And he walked away, while Martha, looking after him through her tears, observed that there wasn’t a better-natured man in the whole of England.
William, indeed, was in such good humour at the approaching fruition of his hopes that Martha found him more amenable than ever to her views.
Therefore, when, a day or two after the funeral, she encountered him on his way to the tailor’s, where he intended, as he informed her, to order his wedding-suit, she was emboldened to lay her hand on his arm and beseech him tearfully to be married, like her, in “deep”.
“’Twill show proper feelin’,” said she. “All the neighbours ’ull know that you are showin’ respect to poor father; an’ since ye’ll be jist comin’ into the family, ’twill be but decent as you should wear black for him what’s gone.”
William, who had been dreaming of a certain imposing stripe which had dazzled him, days before, in the tailor’s window, among the pile labelled “Elegant Trouserings,” now dismissed with a sigh the alluring vision, and promised to appear in mourning as requested.
But when later on Martha unfolded to him another plan, he gave in his adherence to it with some reluctance. It was no less a proposition than that they should take their honeymoon by turns.

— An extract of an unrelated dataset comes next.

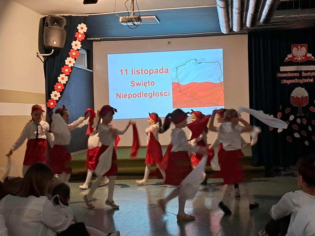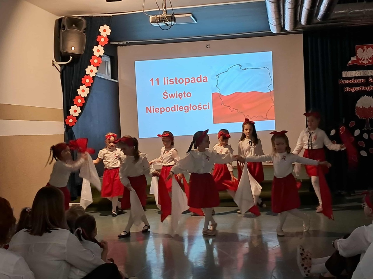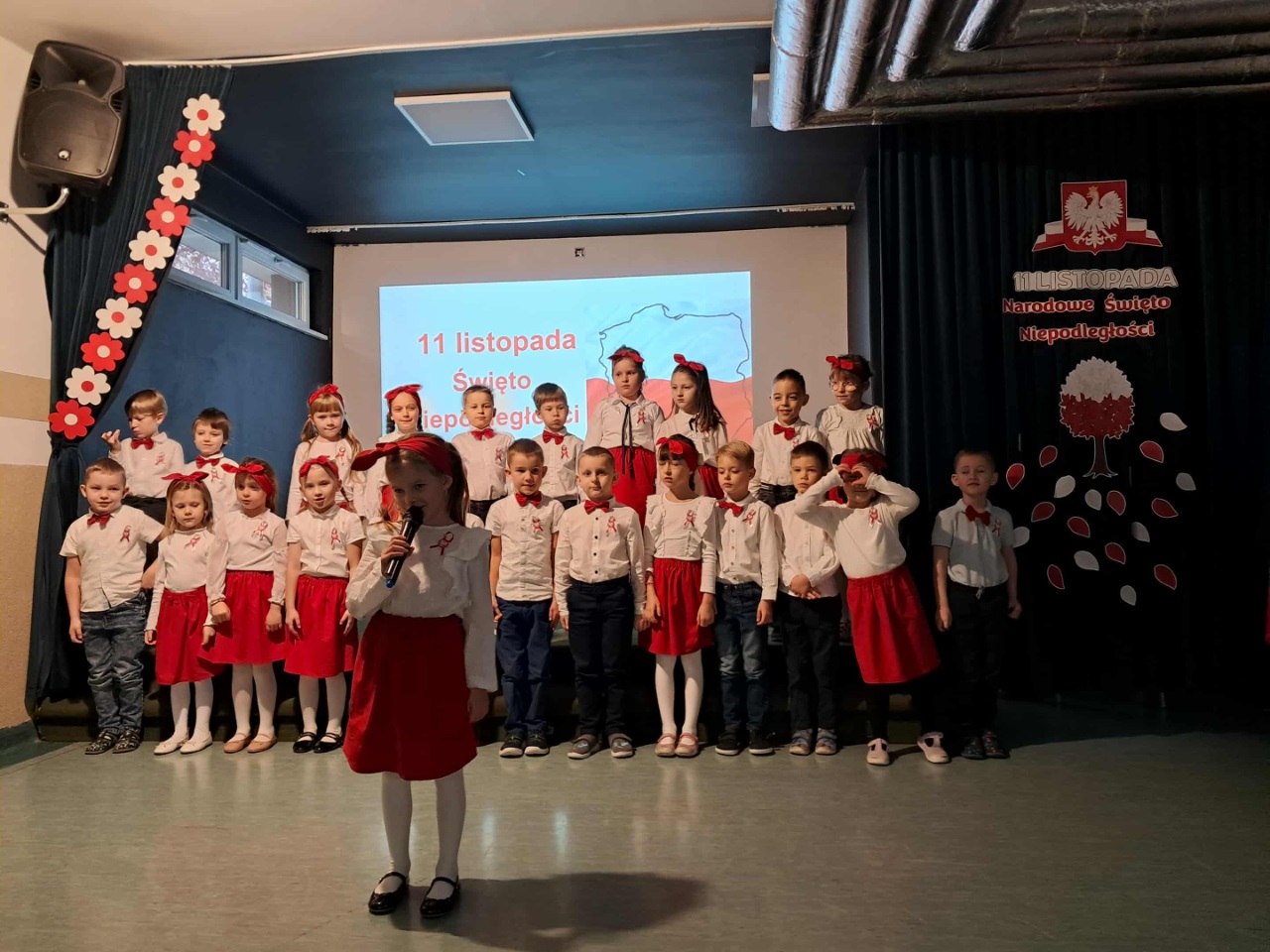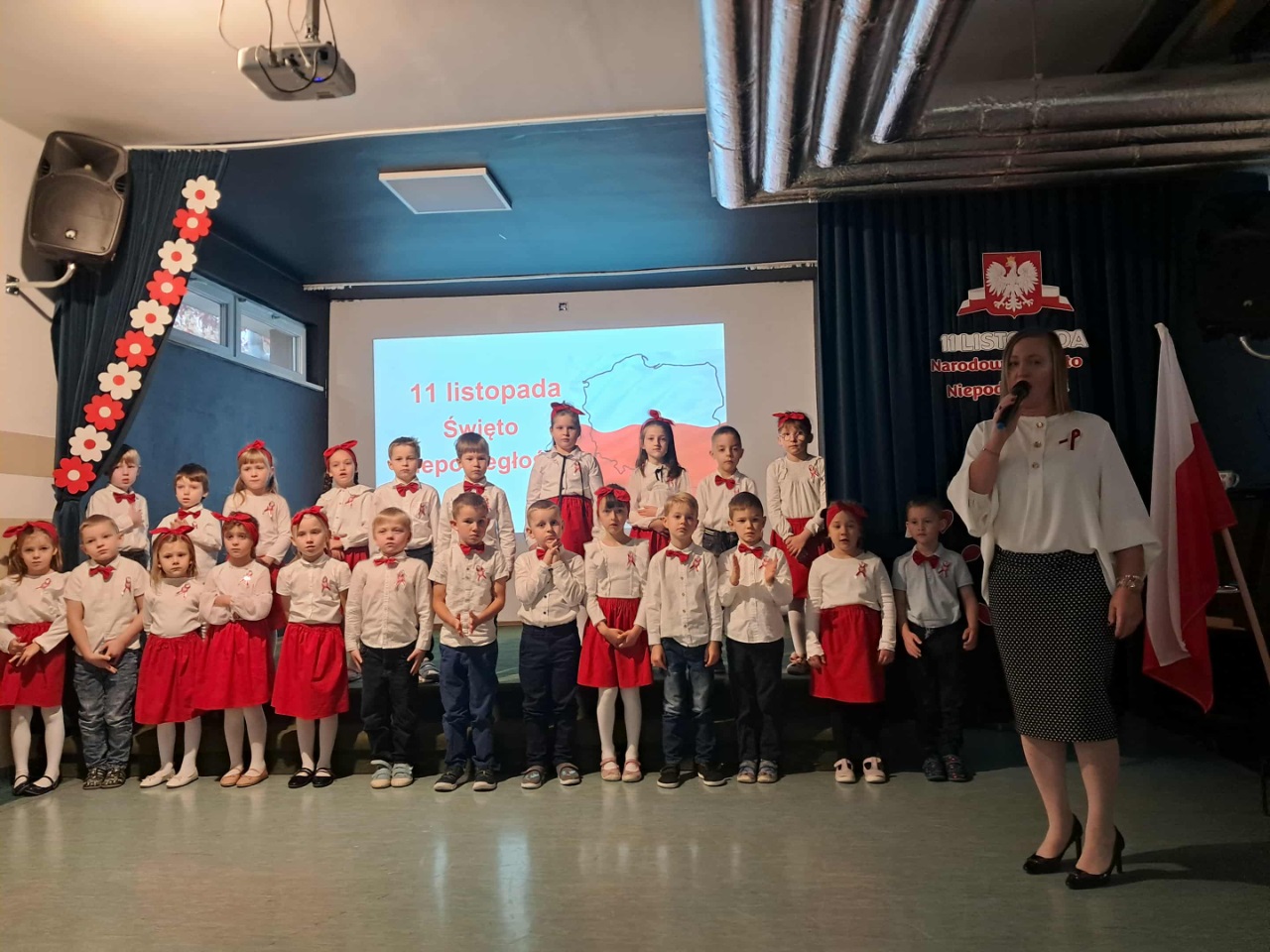 Podczas uroczystości mali artyści recytowali wiersze, śpiewali pieśni patriotyczne oraz zaprezentowali krótką inscenizację i taniec przypominającą o drodze Polski do wolności. Cała społeczność przedszkolna z dumą i wzruszeniem oglądała występ, a na zakończenie wszyscy wspólnie odśpiewali hymn narodowy.

“You see,” she explained, “it just falls out that the weddin’s the very week o’ the Branston show—the house ’ull be full from morn till night for three days or more; an’ we turn over enough that week to pay the year’s rent, very near. ’Twouldn’t do for us both to be away.”
William gazed at her with a more rueful face than she had ever yet beheld in him.
“Dear now! don’t you take on,” urged Martha. “I thought, d’ye see, I’d just pop up to London for a few days by myself, an’ you can stop an’ mind the house, an’ maybe some time in the winter we mid both on us take a few days together somewhere.”
William gazed at her reproachfully.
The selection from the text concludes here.